At the end of this hands-on session, you will be able to
 - explore and search publicly available biomedical ontologies, combine knowledge provided by multiple ontologies,
 - computationally exploit these ontologies: explore node neighborhood, navigate class hierarchies, retrieve synonyms,
 - understand how biochemical regulations are modeled in BioPAX,
 - assemble/summarize new graphs based on graph patterns.

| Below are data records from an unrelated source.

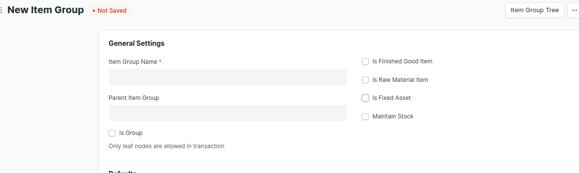 - If the Item Group is for Finished Good Item ,then select the check box ‘is Finished
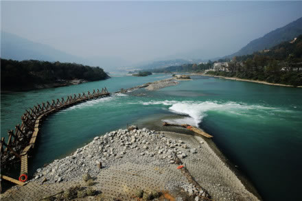 都江堰是當(dāng)今世界年代久遠(yuǎn)、唯一留存、以無(wú)壩引水為特征的宏大水利工程。它充分利用當(dāng)?shù)匚鞅备、東南低的地理?xiàng)l件,根據(jù)江河出山口處特殊的地形、水脈、水勢(shì),乘勢(shì)利導(dǎo),無(wú)壩引水,自流灌溉,使堤防、分水、泄洪、排沙、控流相互依存,共為體系,保證了防洪、灌溉、水運(yùn)和社會(huì)用水綜合效益的充分發(fā)揮。它最偉大之處是建堰2250多年來(lái)經(jīng)久不衰,而且發(fā)揮著愈來(lái)愈大的效益。
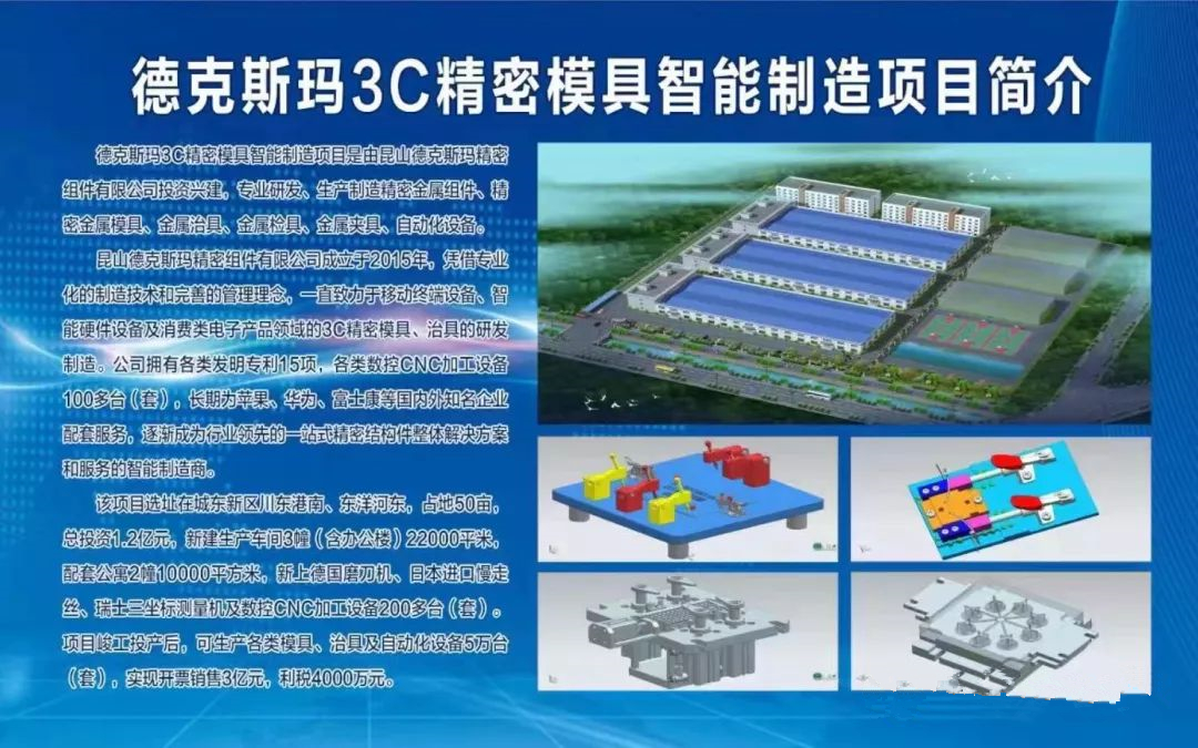 ![]() 壓鑄周刊(2018年11月19日 江西上饒)日前,昆山德克斯瑪精密組件有限公司投資興建德克斯瑪3C精密模具智能制造項目開工,該項目位于江蘇東臺市城東新區,主要建成生產各類模具、治具及自動化設備。 據了解,該建設項目總投資1.2億元,占地50畝,新建生產車間3幢(含辦公樓)22000平米,新上德國磨刀機、日本進口慢走絲、瑞士三坐標測量機及數控CNC加工設備200多臺(套)。項目峻工投產后,可生產各類模具、治具及自動化設備5萬臺(套),實現開票銷售3億元。 此次建設項目從事研發、生產制造精密金屬組件、精密金屬模具、金屬治具、金屬檢具、金屬夾具、自動化設備。產品主要應用于手機、電腦等電子產品配件。 昆山德克斯瑪精密組件有限公司成立于2015年7月,注冊地位于昆山市玉山鎮城北水秀路,主要從事精密金屬組件、精密金屬模具、金屬治具、金屬檢具、金屬夾具、自動化設備及配件的設計、加工、制造和銷售。 |
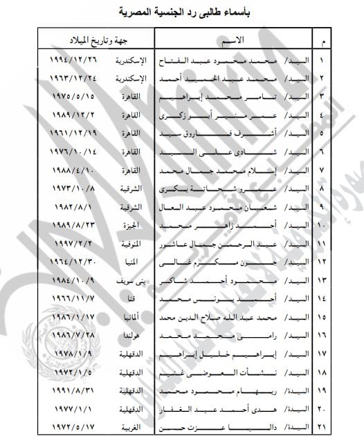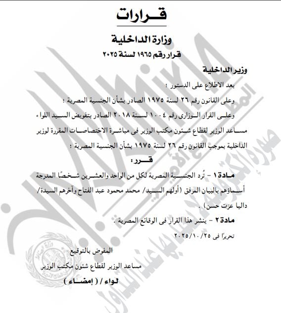 نشرت الجريدة الرسمية قرار وزارة الداخلية رقم 1965 لسنة 2025، بشأن رد الجنسية المصرية لـ 21 شخصا.
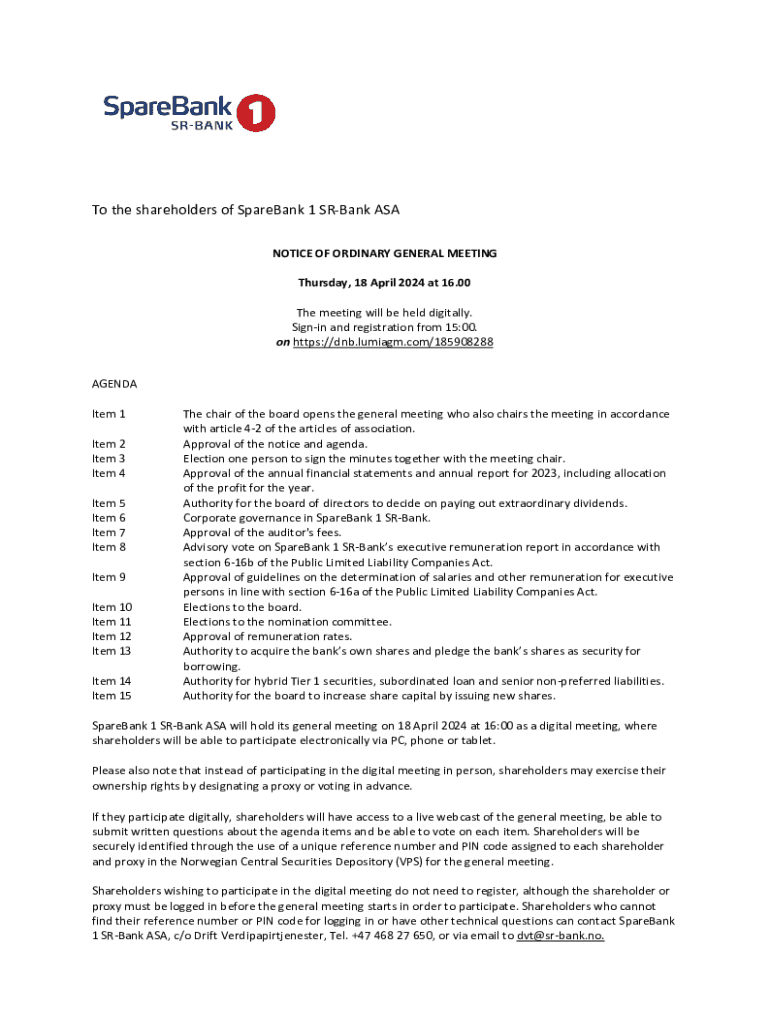 This document provides information regarding the ordinary general meeting of SpareBank 1 SR-Bank ASA scheduled for 18 April 2024, including agenda items, procedures for digital participation, and details on voting and proxy arrangements.
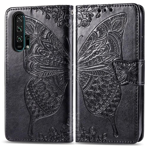 Funda de Cuero Butterfly Love Flowers con Tapa Horizontal para Huawei Honor 20 Pro con Soporte y Billetera (Negro)
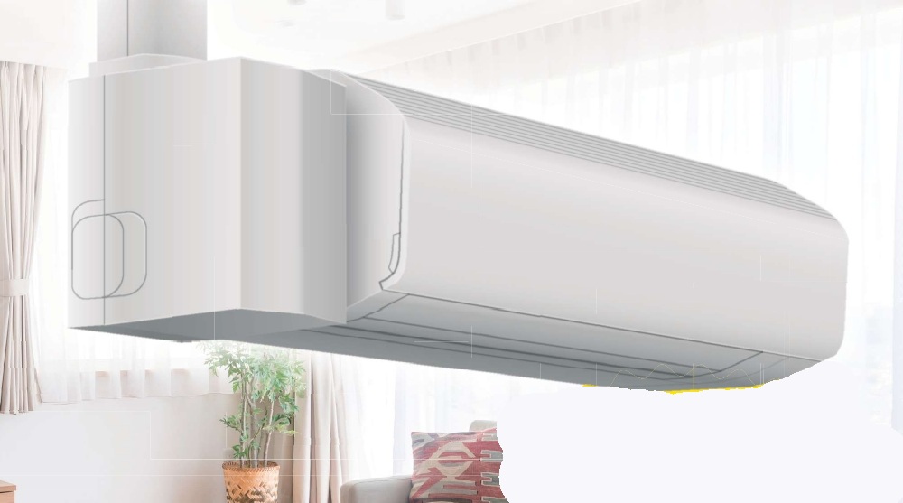 そこで登場したのが「ハーフサイズドレンアップキット」です。従来品の約半分のサイズにすることで、壁掛けエアコンの横に設置しても目立ちにくく、室内の景観を損ねません。また、ドレン配管・冷媒配管・換気(加湿)ホースを一体で施工できる設計となっており、施工性に優れ、配管まわりもすっきりと仕上がります。
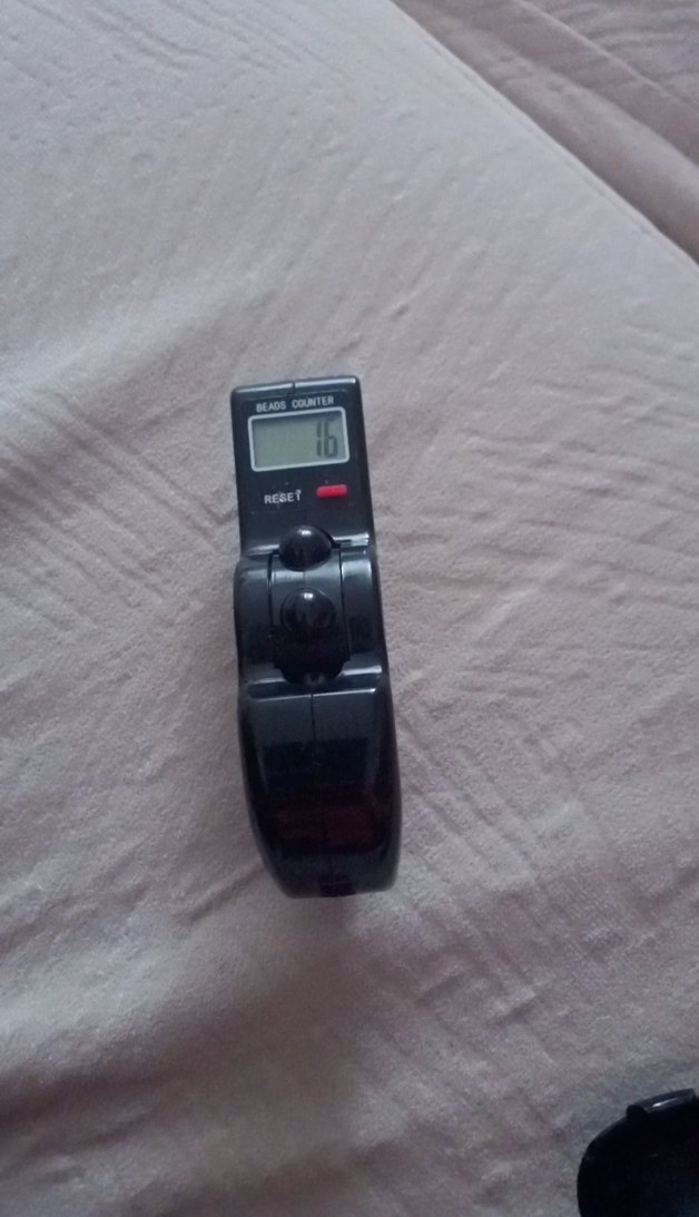 Dijital ekranlı, reset butonlu koyu renk boncuk sayacı. Kompakt ve taşınabilir yapıda, kolay kullanım sağlar.
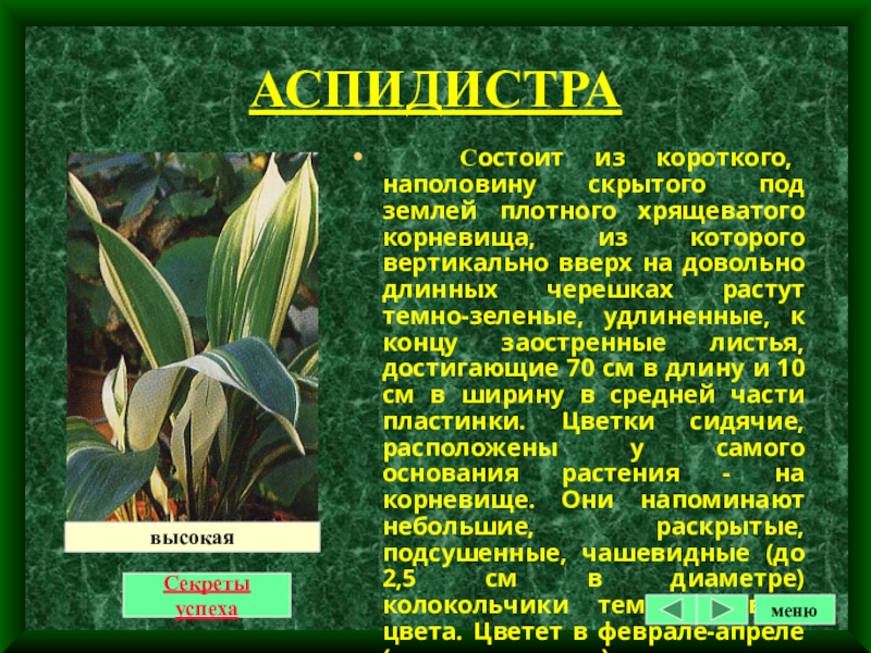 Тень. Плохо освещаемое место, но света достаточно(аспидистра, аглаонема)

# 1. Querying gene regulation resources  


We are interesed in regulators for SCN5A, a gene involved in cardiac arrhythmias. We would like build a diagram like : 

![:scale 50%](fig/viz.png)

We will now use PathwayCommons (http://www.pathwaycommons.org), an RDF dataset used to integrated biological signaling pathways (5,772 pathways, 2,424,055 interactions) from 22 regulation data sources. We will use this SPARQL endpoint: https://abromics.gcp.glicid.fr/sparql  

PathwayCommons uses the BioPAX ontology to represent regulation and signaling knowledge. Have a look on Figure 3 and Figure 4 of the BioPAX paper (https://www.researchgate.net/publication/46191859_BioPAX_-_A_community_standard_for_pathway_data_sharing) to have a quick overview of BioPAX. 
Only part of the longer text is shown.